Class 12 Mathematics Chapter 05 Continuity and Differentiability GSEB Solutions PDF
Question 1. Find the second derivative of \( x^2 + 3x + 2 \).
Answer: Let \( y = x^2 + 3x + 2 \).
First, we calculate the initial derivative:
\( \frac { dy }{ dx } = 2x + 3 \)
Next, we compute the second derivative by differentiating the first derivative:
\( \frac{d^{2} y}{d x^{2}} = \frac { d }{ dx }(2x + 3) = 2 \).
In simple words: We find the rate of change once, then find the rate of change of that result. For \( x^2 + 3x + 2 \), the first derivative is \( 2x+3 \), and the second derivative is 2.
Exam Tip: Remember to differentiate each term separately and use the power rule. The derivative of a constant is always zero.
Question 2. Find the second derivative of \( x^{20} \).
Answer: Let \( y = x^{20} \).
First, we determine the initial derivative using the power rule:
\( \frac { dy }{ dx } = 20x^{19} \)
Then, we find the second derivative by differentiating this result again:
\( \frac{d^{2} y}{d x^{2}} = \frac { d }{ dx }(20x^{19}) = 20 \times 19x^{18} = 380x^{18} \).
In simple words: To find the second derivative of \( x^{20} \), first multiply the power by the coefficient and reduce the power by one, then repeat this process with the new expression.
Exam Tip: Pay close attention to the power rule: \( \frac{d}{dx}(x^n) = nx^{n-1} \). Apply it carefully for each differentiation step.
Question 3. Find the second derivative of \( x \cos x \).
Answer: Let \( y = x \cos x \).
To find the first derivative, we use the product rule \( (uv)' = u'v + uv' \):
\( \frac { dy }{ dx } = x \frac { d }{ dx } (\cos x) + \cos x \frac { d }{ dx }(x) \)
\( = x(-\sin x) + \cos x \cdot 1 \)
\( = -x \sin x + \cos x \)
Now, we calculate the second derivative by differentiating \( -x \sin x + \cos x \). This involves the product rule again for the first term:
\( \frac{d^{2} y}{d x^{2}} = -\frac { d }{ dx }(x \sin x) + \frac { d }{ dx } (\cos x) \)

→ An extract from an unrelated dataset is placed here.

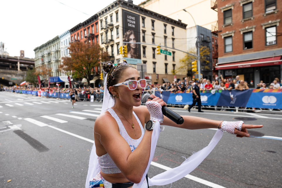 Pappas: I was supposed to run with the elite athletes, about 30 minutes after the Priceless Start, but I had surgery less than a year prior and I wasn’t able to run at their pace … I was just really nervous. I’m going to be alone if I run slower than seven minutes. And my mentor where I live was like, “You gotta do it, this is such a rare opportunity to have the whole streets of New York and all the people, you know, cheering and everything.” And so I hired a makeup designer to put glitter and stars on my face because I wanted to indicate to myself and also to the crowd who might recognize me that it was intentional and I was okay.

\( = - (x \cos x + \sin x \cdot 1) - \sin x \)
\( = -x \cos x - \sin x - \sin x \)
\( = -x \cos x - 2 \sin x \).
In simple words: We apply the product rule twice. First, to get the initial derivative of \( x \cos x \), and then again to get the second derivative. Watch out for the negative signs and similar terms.
Exam Tip: The product rule is crucial for these types of questions. Double-check your differentiation of trigonometric functions, and be careful with negative signs when simplifying.
Question 4. Find the second derivative of \( \log x \).
Answer: Let \( y = \log x \).
First, we calculate the initial derivative of \( \log x \):
\( \frac { dy }{ dx } = \frac { 1 }{ x } = x^{-1} \)
Next, we compute the second derivative by differentiating \( x^{-1} \):
\( \frac{d^{2} y}{d x^{2}} = \frac { d }{ dx }(x^{-1}) = -1 \cdot x^{-2} = -\frac{1}{x^{2}} \).
In simple words: The derivative of \( \log x \) is \( 1/x \). Differentiating \( 1/x \) again gives \( -1/x^2 \).
Exam Tip: Remember the standard derivative of \( \log x \) and use the power rule for negative exponents. Always write \( \frac{1}{x} \) as \( x^{-1} \) for easier differentiation.
Question 5. Find the second derivative of \( x^3 \log x \).
Answer: Let \( y = x^3 \log x \).
To find the first derivative, we use the product rule:
\( \frac { dy }{ dx } = x^3 \cdot \frac { d }{ dx } (\log x) + \log x \cdot \frac { d }{ dx } (x^3) \)
\( = x^3 \cdot \frac { 1 }{ x } + \log x \cdot 3x^2 \)
\( = x^2 + 3x^2 \log x \)
Now, we calculate the second derivative by differentiating \( x^2 + 3x^2 \log x \). This involves differentiating each term and using the product rule for the second term:
\( \frac{d^{2} y}{d x^{2}} = \frac { d }{ dx }(x^2) + \frac { d }{ dx } (3x^2 \log x) \)
\( = 2x + [3x^2 \cdot \frac { 1 }{ x } + \log x \cdot 6x] \)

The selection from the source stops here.